È passato oltre
un mese dal comunicato di Meta che annuncia la messa al bando dei contenuti
politici dalle sue piattaforme ma nessuno sembra intenzionato a fare nulla.
Eppure, l’impatto sulla distribuzione e la circolazione delle informazioni sarà
gigantesco.
Se per gli utenti è certamente complicato organizzare un’azione di difesa
coordinata per tutelare la propria libertà di parola dagli abusi
delle big tech, lo stesso non può dirsi dei grandi attori
dell’informazione e della politica, che dispongono di strutture e risorse
economiche più che sufficienti ad avviare una qualche iniziativa. Se non per un
astratto senso di giustizia universale, quantomeno per tutelare i propri
interessi. E invece nulla. Una manciata di articoli di cronaca e poco più. Non
una diffida, non un comunicato di categoria, non un’interrogazione
parlamentare.
Viene il dubbio che questi attori non abbiano ben compreso la sorte che
Meta ha riservato loro. Ma soprattutto, fatto sconcertante, viene il dubbio che
giornali e politici – pur avendone scritto, i primi, e pur avendone votato il
testo, i secondi – non abbiano studiato il Digital Services Act (DSA), approvato ormai due
anni fa dall’Unione Europea.
Morte alla politica
Facciamo un passo indietro. Per chi non avesse seguito la vicenda, lo
scorso 9 febbraio Meta ha annunciato che sulle sue piattaforme
Instagram, Threads e Facebook verranno sistematicamente oscurati tutti
«i contenuti politici, potenzialmente legati a temi quali le leggi, le elezioni
o argomenti di natura sociale».
Interrogati da utenti e giornalisti sulla vaghezza preoccupante di
una tale definizione, i portavoce di Meta hanno balbettato
risposte ancora più fumose, spiegando che la lista nera degli argomenti
riguarderà le «hard news (politica, esteri, salute economia, ndr)»

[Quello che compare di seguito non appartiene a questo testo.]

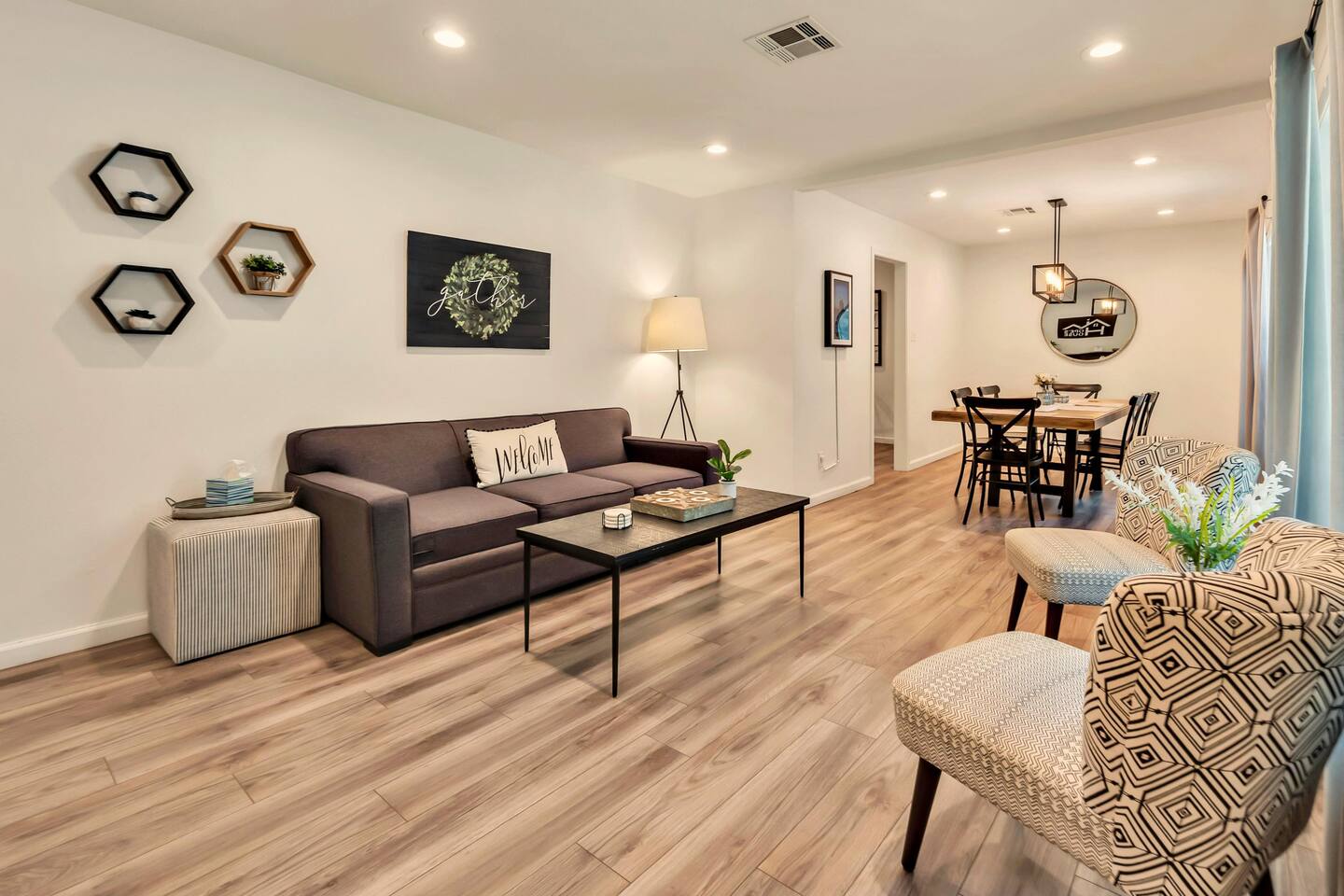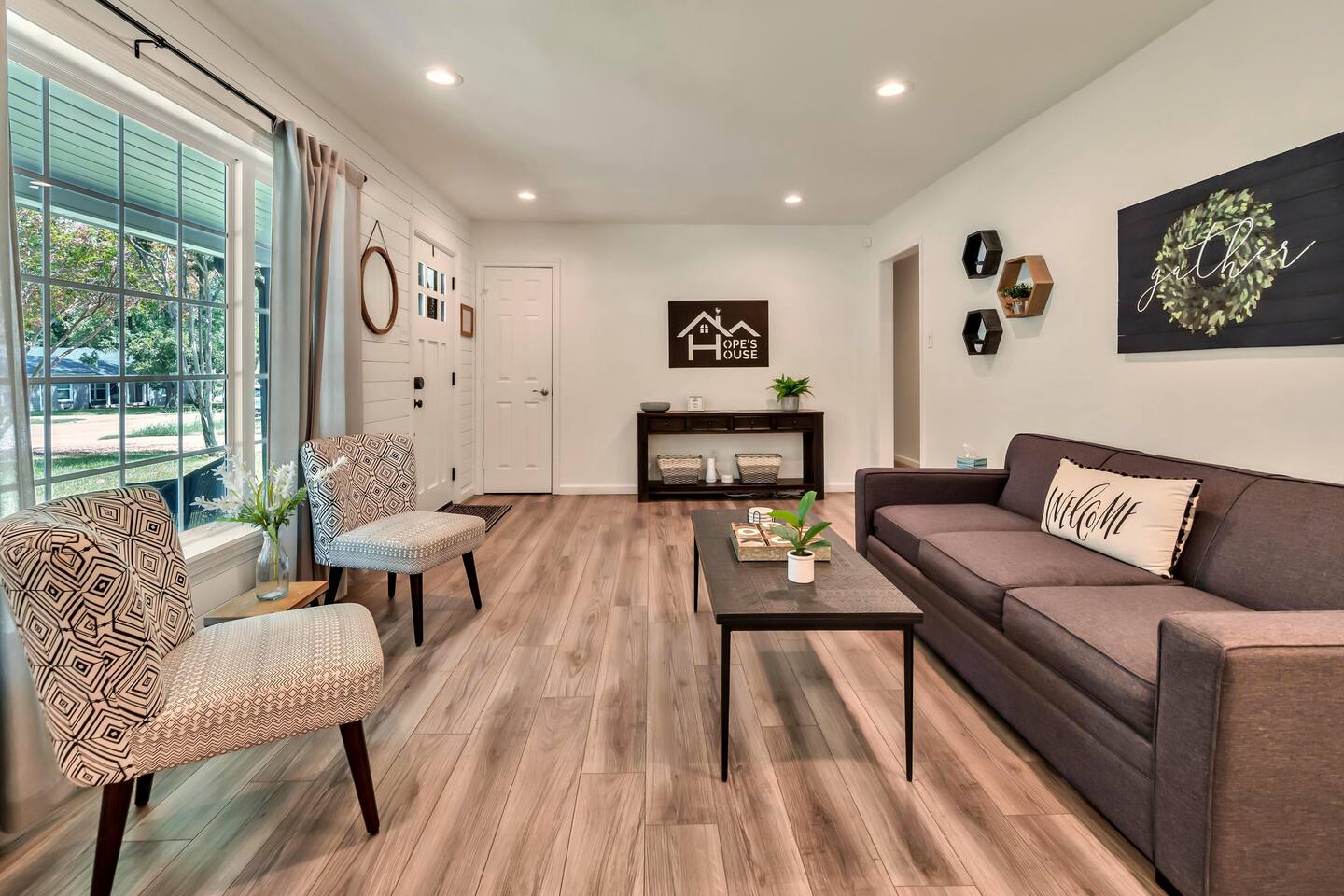 Welcome to Hope’s House—your peaceful home away from home in the heart of Waco. Located on scenic Austin Avenue, this spacious 3-bedroom, 2-bath home offers the perfect blend of comfort, style, and convenience. You’ll be close to Downtown, Magnolia Market, and Baylor University—while still enjoying a quiet neighborhood feel away from the crowds. Inside, you’ll find thoughtful design and plenty of space to stretch out. The King Suite provides a restful retreat, while the Queen Bedroom and Two Twin Room are ideal for families or friends. A pull-out couch in the living area offers additional sleeping space. Two full bathrooms are clean, fresh, and fully stocked with essentials for your stay. Step outside and enjoy the private backyard oasis featuring a picnic table for outdoor dining, a gas grill, and a fire pit with cozy seating—perfect for evening conversations under the stars. With professional cleaning, responsive local hosts, and a location that puts you minutes from everything Waco has to offer, Hope’s House is an easy choice for your next trip—whether you’re here for a game, a weekend getaway, or a family vacation.

e la «critica sociale» inquadrata come «contenuti che identificano un problema
che influenza le persone ed è causato dall’azione o inazione degli altri, il
che può includere questioni come le relazioni internazionali o il crimine».
Tutto, sostanzialmente.
Prima di proseguire, dobbiamo comprendere in cosa consisterà questo
oscuramento perché in questo contesto, il come conta quanto e
forse più del cosa.
Su Instagram i contenuti politici e di critica sociale verranno banditi da
tutte le sezioni principali:
• Esplora (ossia la pagina dedicata ai contenuti suggeriti
dall’algoritmo)
• Ricerca (la ricerca diretta dell’utente)
• Reels (i video brevi)
• Utenti suggeriti (tendina di scoperta di nuove pagine)
• Suggerimenti in-feed (contenuti di pagine che non segui suggeriti
nella home)
In pratica, i contenuti non verranno più distribuiti ai Non-follower, mentre continueranno
ad essere mostrati ai propri follower – anche se non a tutti [1]. Chi si occupa
di social per lavoro come me, sa bene che questo significa una cosa sola: pagina
in coma farmacologico.
Queste sono alcune statistiche di pagine grandi e piccole legate al mondo della critica sociale e dell’informazione che gestisco per lavoro.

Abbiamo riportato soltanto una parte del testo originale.